Brigham Young University made the list due to reports that the school’s opposition to homosexuality drives LGBT people into hiding, and that this fear fosters an underground gay community in which some have sexually abused and raped victims. Those victims are afraid to come forward, because the school punishes homosexual behavior. This does sound like a huge problem, and the school may need to take steps to allow such victims to come forward. In this case, the university’s presence on the list seems warranted.
But the other college shamed for a unique event, Andrews University, merely had a disagreement with a local student group over a bake sale last year. The student organization AULL4One, an unofficial gay-straight alliance on campus, organized a fundraiser to help LGBT homeless youth in Chicago. AULL4One is not sanctioned by the school, so it needed to hold the event under the auspices of an official school entity, and Campus Ministries stepped into that void. The college ended up delaying the event indefinitely, so the organization went online. As of press time, it has raised over $17,000.
The delay of the fundraiser was perhaps regrettable, but Andrews University wanted to make sure it did not appear to endorse LGBT issues, and that concern is warranted in the Christian community. Moreover, the eventual success of the project suggests that the college need not have been involved.

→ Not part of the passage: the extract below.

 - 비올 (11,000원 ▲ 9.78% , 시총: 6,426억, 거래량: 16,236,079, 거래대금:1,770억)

Finally, the shame list includes multiple colleges which have lobbied against California Senate Bill 1146, which would have forced Christian higher education institutions to adopt LGBT anti-discrimination policies (or lose state funding) and to publicize their Title IX exemptions. Such anti-discrimination policies would force the colleges to effectively condone sexual identities and practices which contradict the Bible. As such, it would clearly violate their religious freedom. The bill was amended to only force publication of the exemption, after pressure from religious colleges and universities.
For fighting this attack on their religious freedom, the colleges have been blacklisted by Campus Pride, and according to one First Amendment lawyer, they will likely be put on a “watch list” as a result of the amended legislation.

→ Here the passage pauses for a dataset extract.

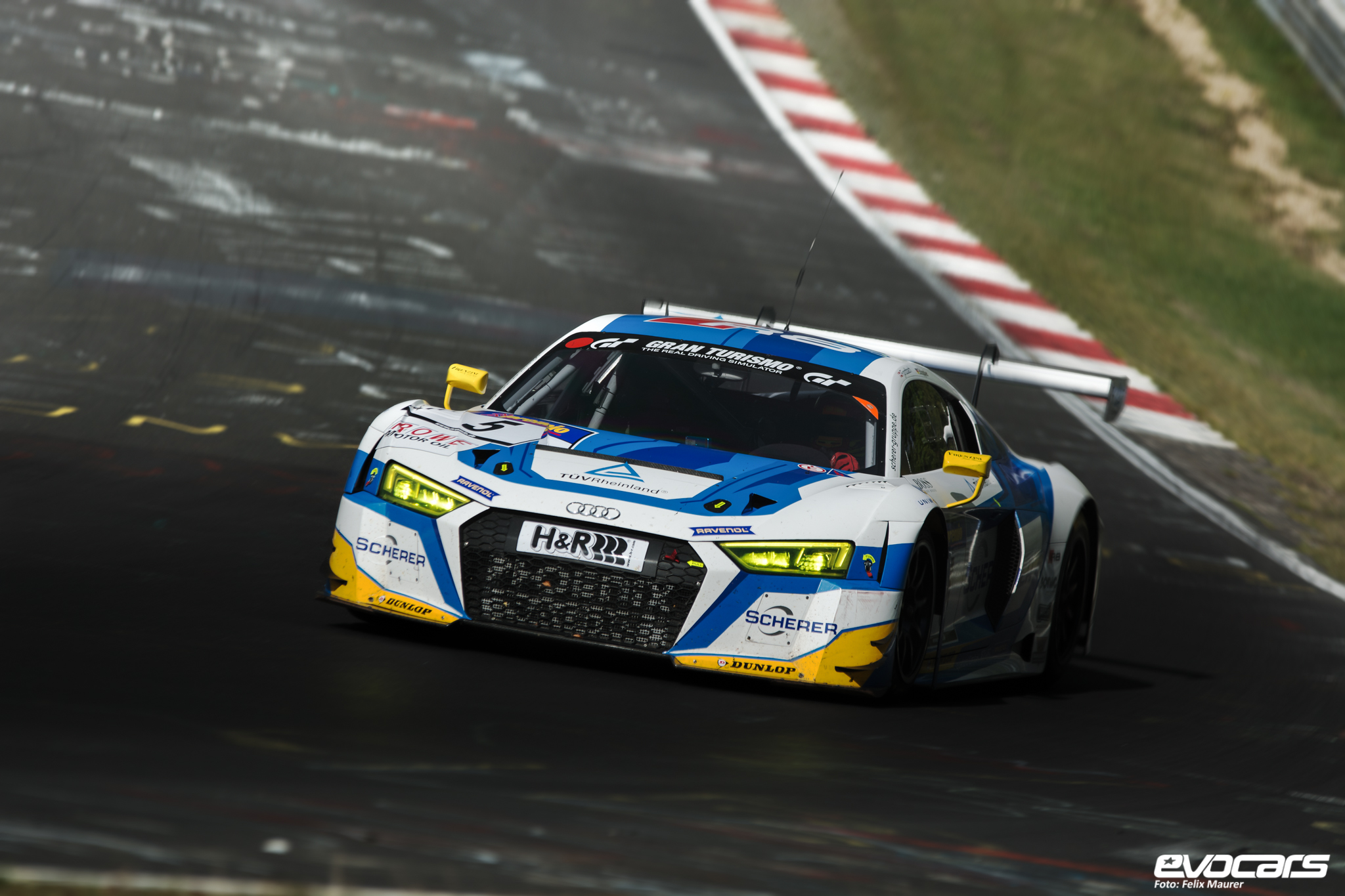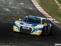 Zu den Favoriten mit kleineren Problemen zählten die zweifachen Sieger der Saison Mies und De Phillippi auf Audi R8. Der US-Amerikaner De Phillippi erlebte in der Startphase des Rennens einen „big moment“, als er eingangs Brünnchen die Streckenbegrenzung streifte. „Ich fahre gerne, wenn es regnet“, erklärte er, „aber diese Mischverhältnisse mit halb nasser, halb trockener Piste waren extrem schwierig.“ Sein Teamgefährte nahm das Ergebnis gelassen hin: „Wir können mit Platz drei zufrieden sein“, sagte Mies. „Wir sind zwei Rennen nicht in der VLN am Start gewesen. Die Spitzengruppe ist so eng beieinander, dass uns die acht Stunden Renndistanz am Ende einfach fehlen.“ Ebenfalls zufrieden zeigten sich Sims und Dusseldorp über Platz zwei. „Gerade in der Schlussphase wurde es noch einmal extrem spannend, als wieder leichter Regen einsetzte“, gestand Dusseldorp. „Da muss man einfach hellwach sein, immerhin haben wir zu diesem Zeitpunkt voll gepushed, um Platz zwei gegen den Land-Audi abzusichern.“

Campus Pride created its list “for purposes of calling out the harmful and shameful acts of religion-based prejudice and bigotry.” Instead, they have merely revealed their own biases against religious freedom, the free speech of ex-gay people, and the ability of religious organizations to operate according to their beliefs. While one school may deserve temporary shame for a serious issue, most of them have been unfairly characterized by this LGBT organization.
Campus Pride calls the schools it aims to shame “not loving, welcoming, safe spaces to live, learn and grow,” but it is fighting against the very possibility for religious colleges to offer such a “safe space” for Bible believers. Parents should consider this list a testament to each of these schools, that they are willing to fight for religious freedom and their ability to operate according to their beliefs. Perhaps this suggests a certain religious “pride” which should be considered a selling point, not a liability.